» About this task
Give all the lines below again, exactly, with no pictures.

» Dataset section

- - -

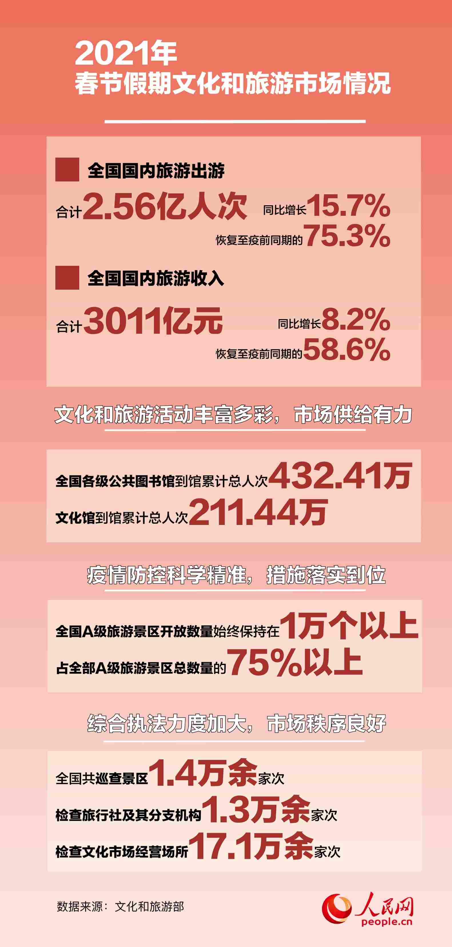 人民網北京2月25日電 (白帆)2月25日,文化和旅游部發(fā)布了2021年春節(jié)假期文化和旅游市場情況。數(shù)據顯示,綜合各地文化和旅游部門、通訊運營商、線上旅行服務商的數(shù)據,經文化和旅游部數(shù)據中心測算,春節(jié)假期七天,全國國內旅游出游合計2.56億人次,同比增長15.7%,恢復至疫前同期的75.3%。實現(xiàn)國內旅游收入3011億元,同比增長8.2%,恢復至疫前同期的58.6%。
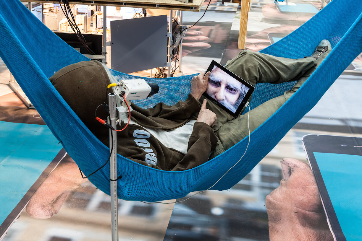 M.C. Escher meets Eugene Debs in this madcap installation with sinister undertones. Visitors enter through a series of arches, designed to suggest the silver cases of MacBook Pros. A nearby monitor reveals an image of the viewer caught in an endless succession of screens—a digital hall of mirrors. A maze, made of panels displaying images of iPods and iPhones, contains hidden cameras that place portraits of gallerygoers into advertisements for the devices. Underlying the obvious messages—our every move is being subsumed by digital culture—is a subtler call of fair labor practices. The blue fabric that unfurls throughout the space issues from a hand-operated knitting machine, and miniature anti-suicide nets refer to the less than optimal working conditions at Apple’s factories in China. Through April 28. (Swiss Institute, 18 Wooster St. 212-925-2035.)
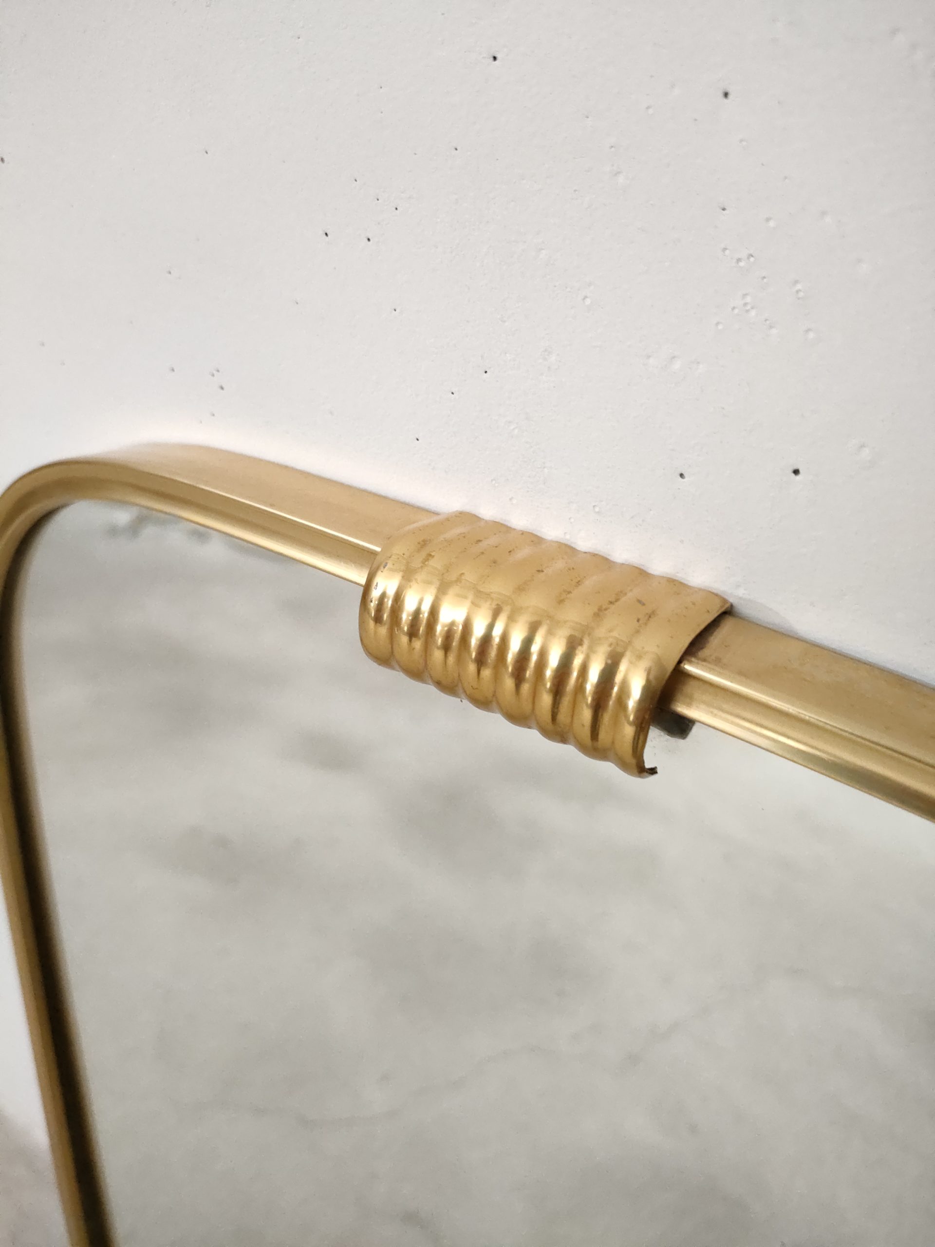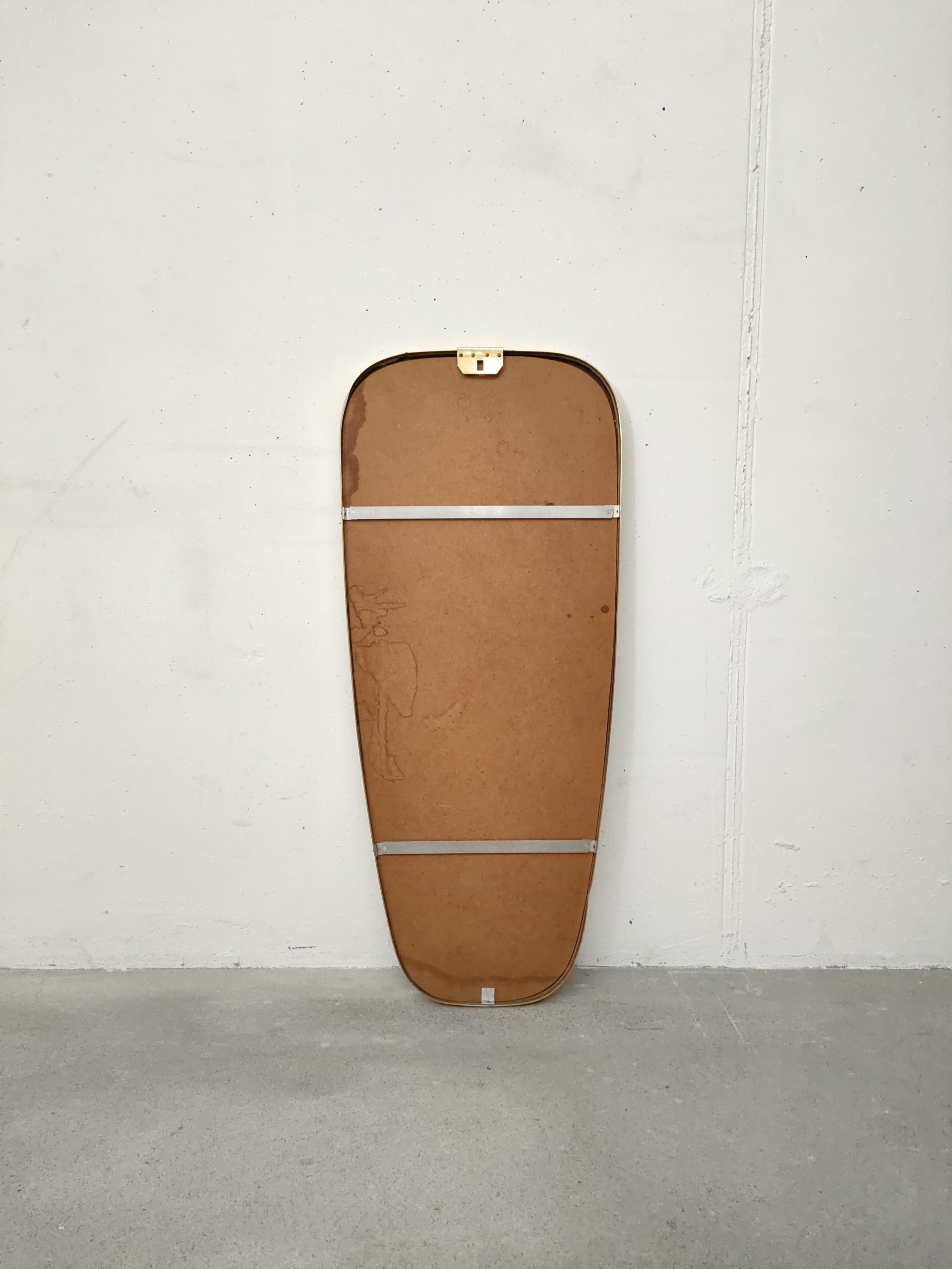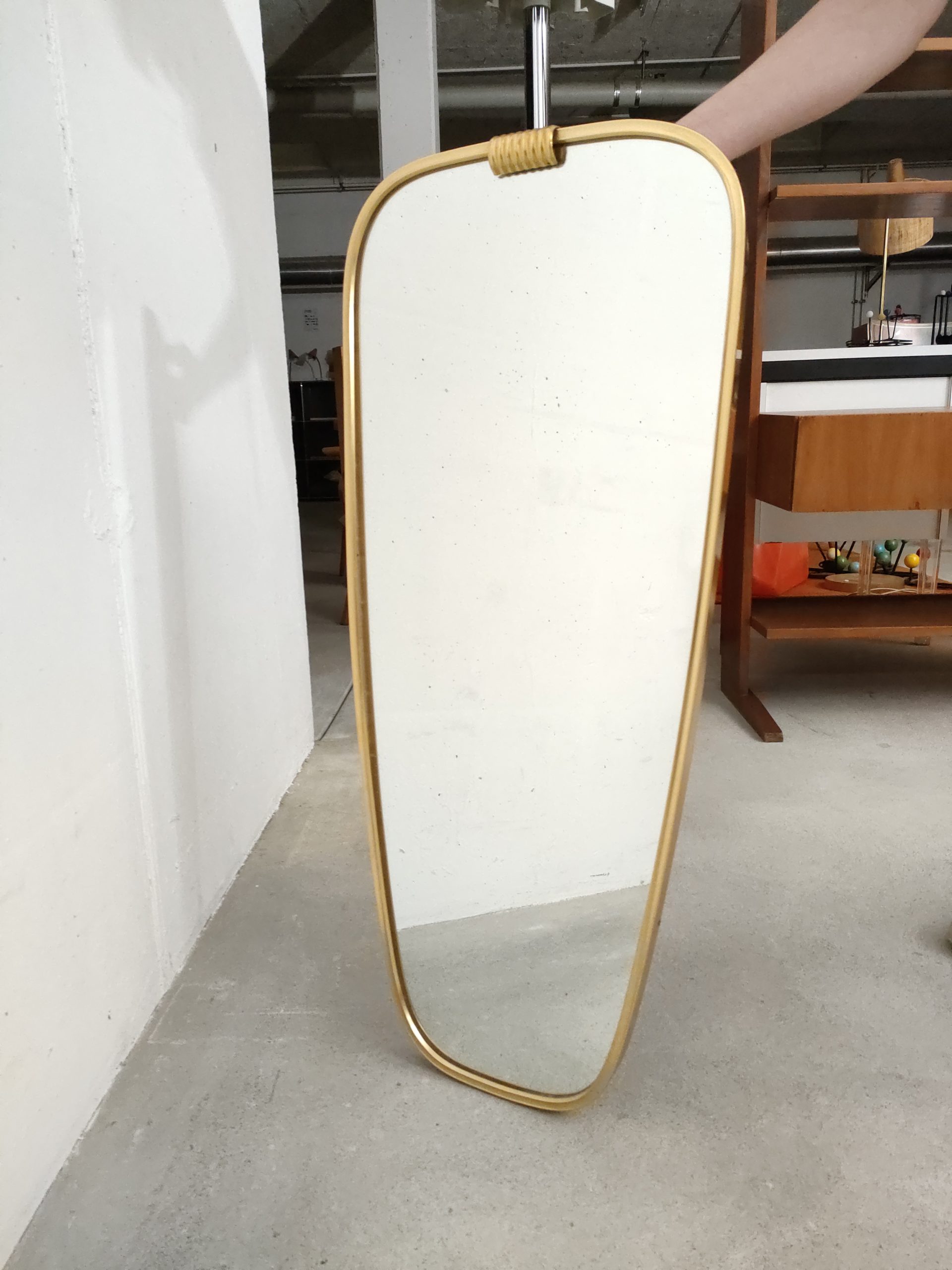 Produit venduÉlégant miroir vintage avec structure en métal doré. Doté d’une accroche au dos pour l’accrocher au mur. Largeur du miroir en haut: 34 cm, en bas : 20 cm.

- - -

» Exercise solution
 人民網北京2月25日電 (白帆)2月25日,文化和旅游部發(fā)布了2021年春節(jié)假期文化和旅游市場情況。數(shù)據顯示,綜合各地文化和旅游部門、通訊運營商、線上旅行服務商的數(shù)據,經文化和旅游部數(shù)據中心測算,春節(jié)假期七天,全國國內旅游出游合計2.56億人次,同比增長15.7%,恢復至疫前同期的75.3%。實現(xiàn)國內旅游收入3011億元,同比增長8.2%,恢復至疫前同期的58.6%。
 M.C. Escher meets Eugene Debs in this madcap installation with sinister undertones. Visitors enter through a series of arches, designed to suggest the silver cases of MacBook Pros. A nearby monitor reveals an image of the viewer caught in an endless succession of screens—a digital hall of mirrors. A maze, made of panels displaying images of iPods and iPhones, contains hidden cameras that place portraits of gallerygoers into advertisements for the devices. Underlying the obvious messages—our every move is being subsumed by digital culture—is a subtler call of fair labor practices. The blue fabric that unfurls throughout the space issues from a hand-operated knitting machine, and miniature anti-suicide nets refer to the less than optimal working conditions at Apple’s factories in China. Through April 28. (Swiss Institute, 18 Wooster St. 212-925-2035.)
 Produit venduÉlégant miroir vintage avec structure en métal doré. Doté d’une accroche au dos pour l’accrocher au mur. Largeur du miroir en haut: 34 cm, en bas : 20 cm.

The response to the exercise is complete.